Después, en las escenas matinales los chavales desayunan con toda la familia, como si fuera una serie juvenil de High school típica, donde hay de todo para desayunar, como en aquellas escenas idílicas de Médico de familia. Y por supuesto, llevan unas zapatillas Puma Clydes rojas, el gran product placement de la serie, con la que el personaje de Shaolin da saltitos como Bruce Lee, y parece así un superhéroe.

Que David Simon tuviera que pelear con uñas y dientes por renovar The Wire tras la tercera temporada, y trabajase con un presupuesto que no era ni la cuarta parte que el de Los Soprano, y el director australiano que firma esta serie se gaste 120 millones de dólares para este exceso fallido, nos genera automáticamente cierta antipatía. Hace falta arte, no dinero a mansalva, para hacer buenas obras.

De vez en cuando, sin embargo, la producción nos sorprende como en este poema escrito por su protagonista en sus primeros pasos como poeta de la calle, y que recita en el primer episodio. Porque la serie interesa cuando se deja de zapatillas de moda, nostalgia efectista, y se aleja de la reinterpretación idílica del pasado sobre el Bronx. Cuando de verdad habla de desesperanza, de violencia, y de un barrio que no era una tierra de oportunidades para la gente joven, sino todo lo contrario: un agujero sin salida. Una trampa para ratones.

Bum, luego crash.

Fragmentos de cristal.

Me tiré al suelo, me hice daño.

“¿Qué coño ha pasado?”, fue lo que dije.

  

Luego vi el charco de sangre. 

Y vi a mi madre muerta.

Sin emoción en la conmoción.

No estaba triste.

  

Ni cuando me enteré de que la bala iba dirigida a mi padre. 

Vietnam le volvió loco.

Ya estaba medio muerto.

¿Por qué el tiro en la cabeza no lo recibió él?

  

Todas las noticias se publican. 

La muerte de mi madre no. 

Ni un atisbo, palabra o pista.


“Los negros no importamos”,

fue lo que mi padre me dijo.

Pero no sabía que yo era un negro

hasta que mi padre me lo explicó.

 

Seis meses después mi viejo también murió.

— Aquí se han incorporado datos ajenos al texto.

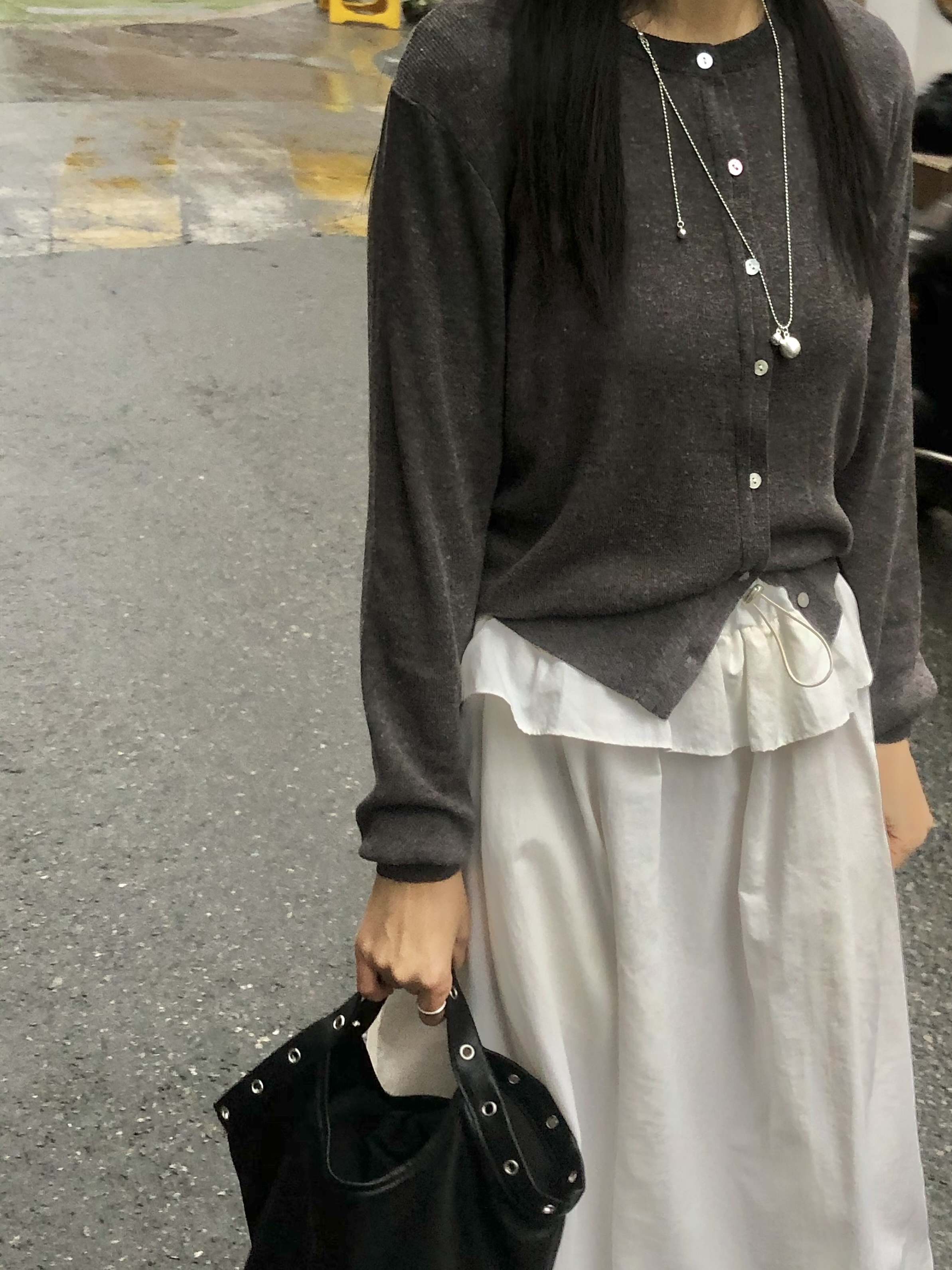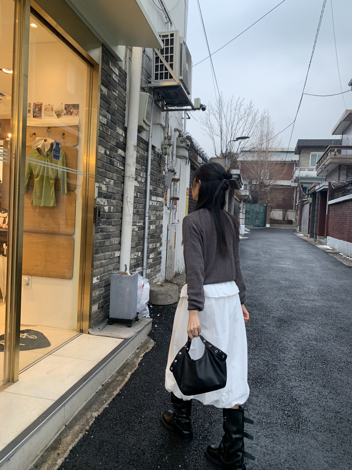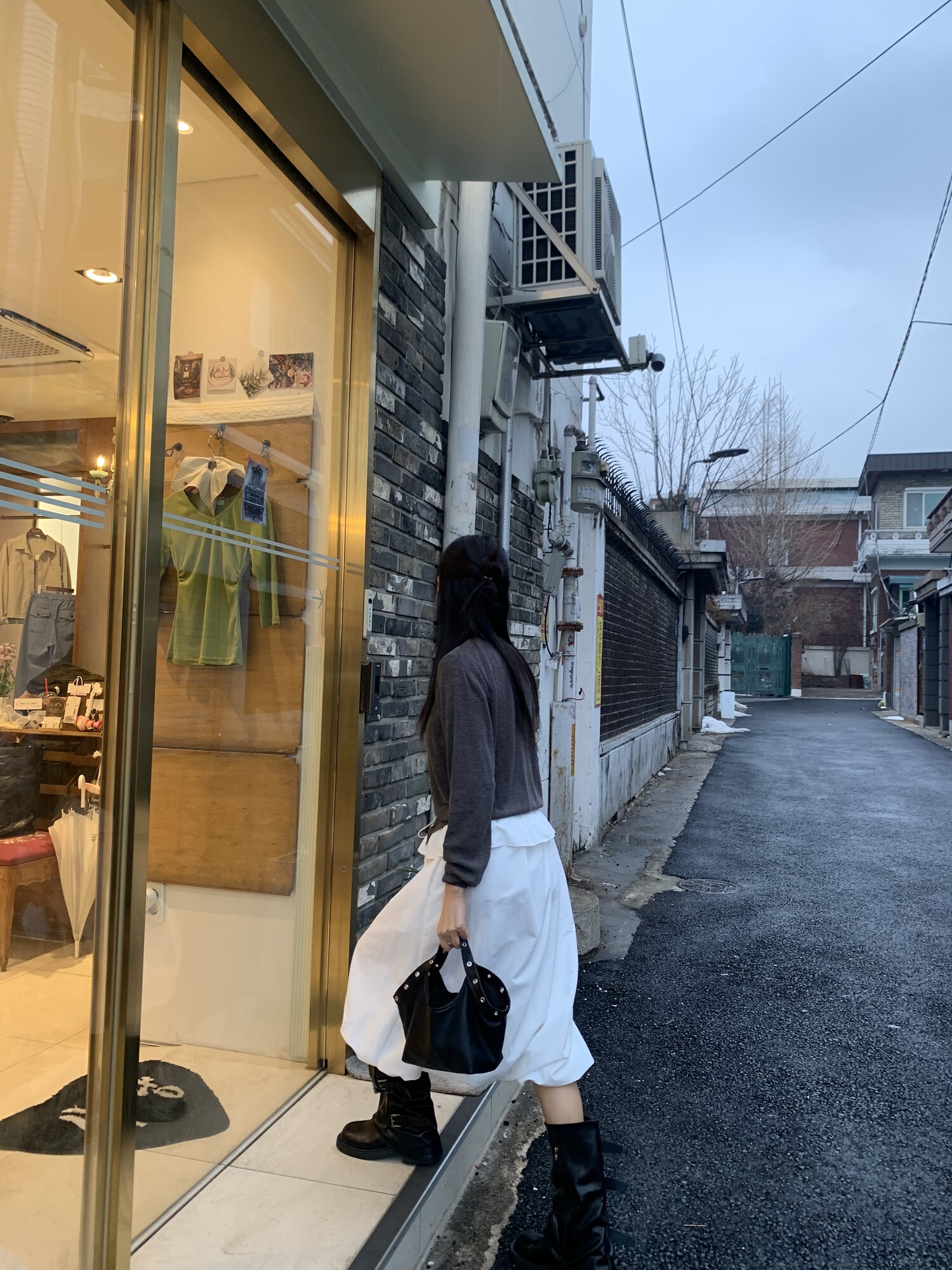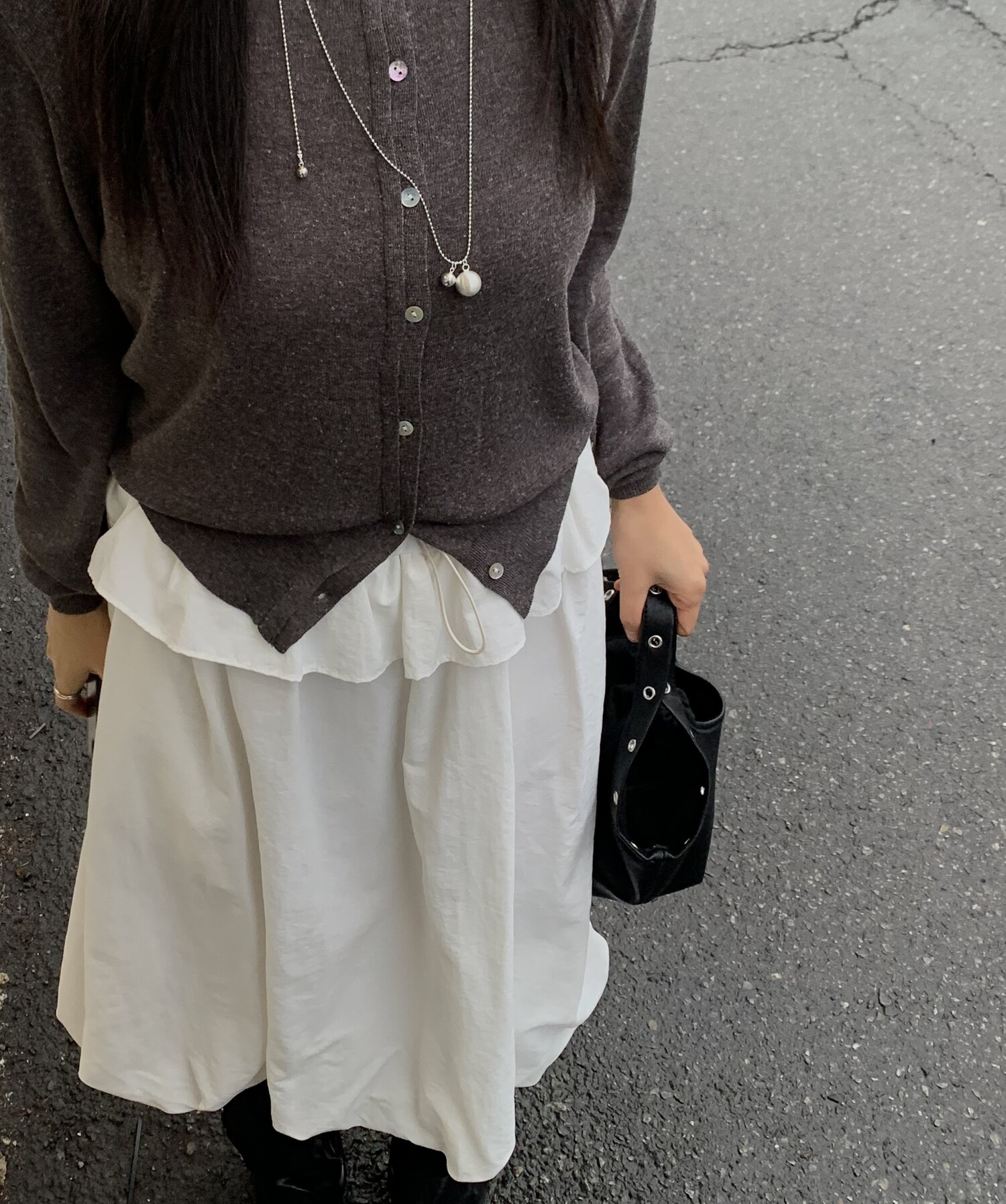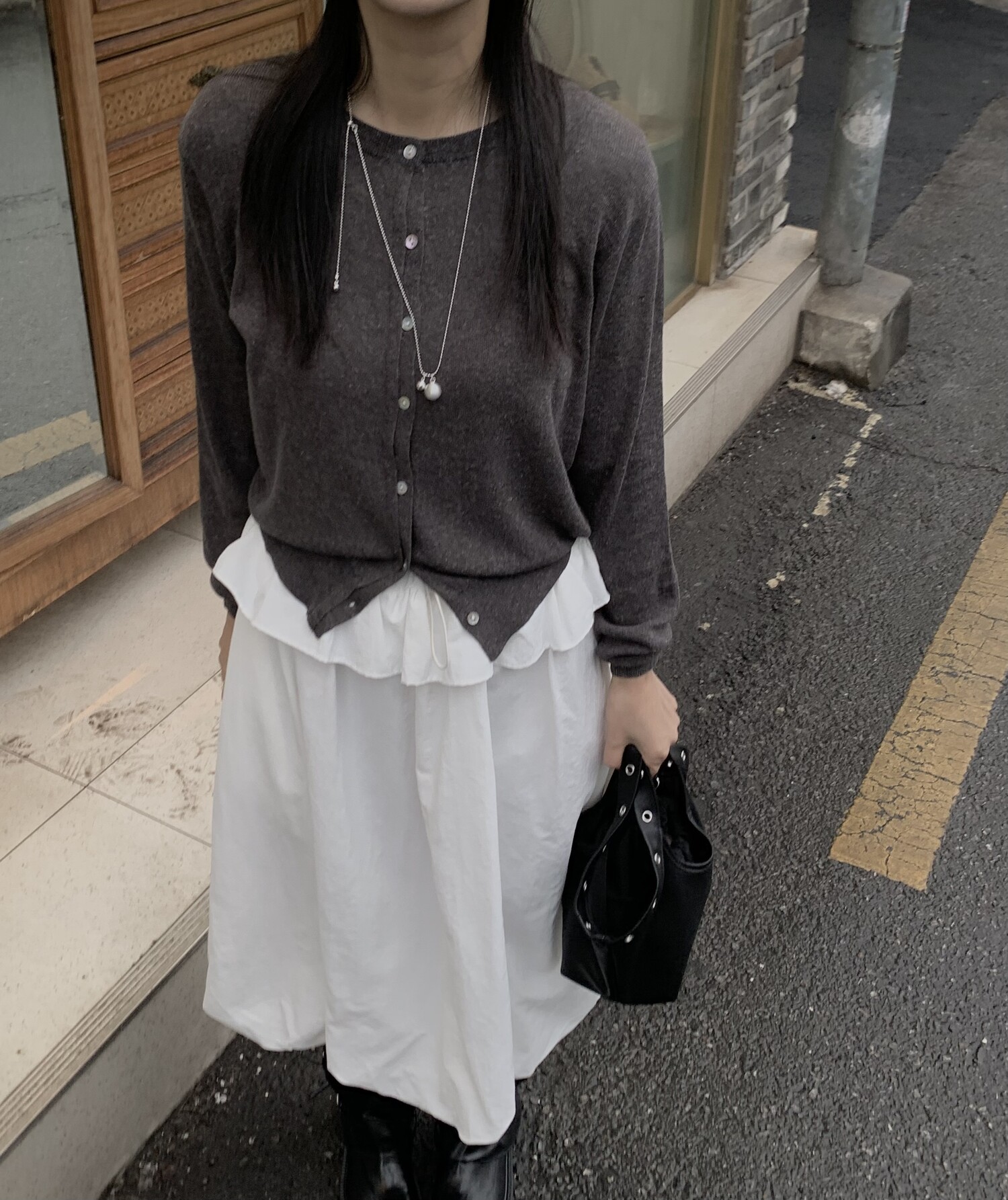 아방한 핏의 스커트를 착용하였을 때 무릎 밑의 기장감으로 떨어져 아담하신 분들도

Un tiroteo por algo de drogas. 

Su piel se volvió azul.

 

Esa noche, en las noticias hablaron

de la mujer del presidente. 

El locutor dijo:

“Me gusta su peinado ¿Y a ustedes?”

  

Ni una palabra sobre mi padre. 

Ni en el Post ni en la CBS. 

¿Por qué, os preguntaréis?

¡Adivinadlo, joder!

 

Si, ¿por qué?  

Es lo que los políticos deberían preguntarse.

Pero ¿quién tiene tiempo para eso  

si estás esquiando en Aspen?

 

En el Bronx nos disparan a la cabeza. 

Y solo nos dais calmantes. 

Mi madre era encantadora.

Os habríais vuelto locos por ella.



Igualad el campo de batalla

y veréis quién gana de verdad.

Y sí, siento rabia.

 

Pero no dejo que hunda mi ánimo.

Mi madre me educó para ser mejor. 

Y me levanta cuando me caigo.

 

Descansa en paz, mamá. 

No te preocupes por tu hijo.

Te sentirás orgullosa de mí  

porque soy el elegido.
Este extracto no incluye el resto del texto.